Task requirements:
Transcribe the listing exactly, so that nothing but the pictures is missing.

Supplied data:
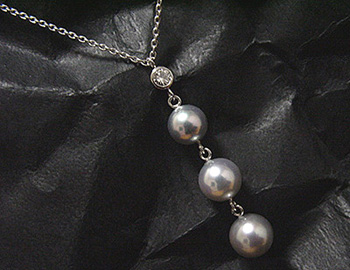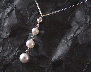 2粒のベビーパールに6.5mmのグレーパールをプラスしたネックレス。
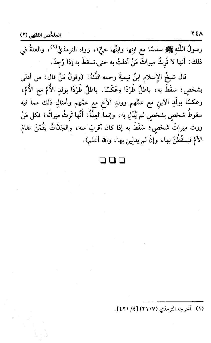 قال شيخ الإسلام ابن تيمية رحمه الله: "وقول من قال: من أدلى بشخص؛ سقط به: باطل طردًا وعكسا، باطل طردًا بولد الأم مع الأم، وعكسا بولد البن مع عمهم وولد الأخ مع عمهم وأمثال ذلك مما فيه سقوط شخص بشحص لم يدل به، وإنما العلة أنها ترث ميراثه؛ فكل من ورث ميراث شخص بشخص لم يدل به، وإنما العلة أنها ترث ميراثه؛ فكل من ورث ميراث شخص؛ سقط به إذا كان أقرب منه، والجدات يقمن الأم فيستقطن بها، وإن لم يدلين بها، والله أعلم".
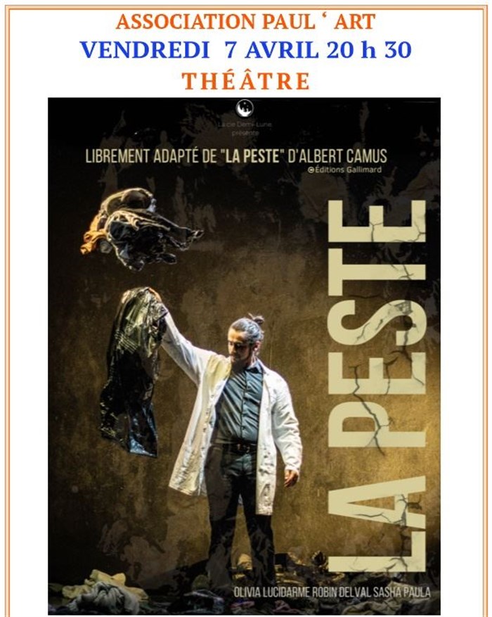 La Cie Demi-Lune va nous interpréter La peste d'Albert Camus, publié en juin 1947, qui a obtenu le prix Nobel de littérature en 1957.
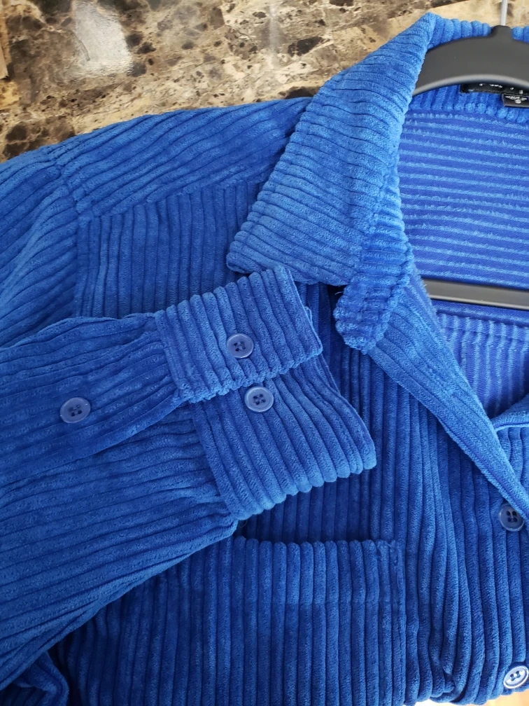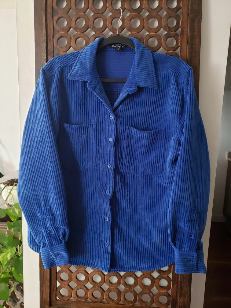 Beautiful royal blue corduroy button up shirt with two chest pockets and adjustable sleeves.

Your solution:
 2粒のベビーパールに6.5mmのグレーパールをプラスしたネックレス。
 قال شيخ الإسلام ابن تيمية رحمه الله: "وقول من قال: من أدلى بشخص؛ سقط به: باطل طردًا وعكسا، باطل طردًا بولد الأم مع الأم، وعكسا بولد البن مع عمهم وولد الأخ مع عمهم وأمثال ذلك مما فيه سقوط شخص بشحص لم يدل به، وإنما العلة أنها ترث ميراثه؛ فكل من ورث ميراث شخص بشخص لم يدل به، وإنما العلة أنها ترث ميراثه؛ فكل من ورث ميراث شخص؛ سقط به إذا كان أقرب منه، والجدات يقمن الأم فيستقطن بها، وإن لم يدلين بها، والله أعلم".
 La Cie Demi-Lune va nous interpréter La peste d'Albert Camus, publié en juin 1947, qui a obtenu le prix Nobel de littérature en 1957.
 Beautiful royal blue corduroy button up shirt with two chest pockets and adjustable sleeves.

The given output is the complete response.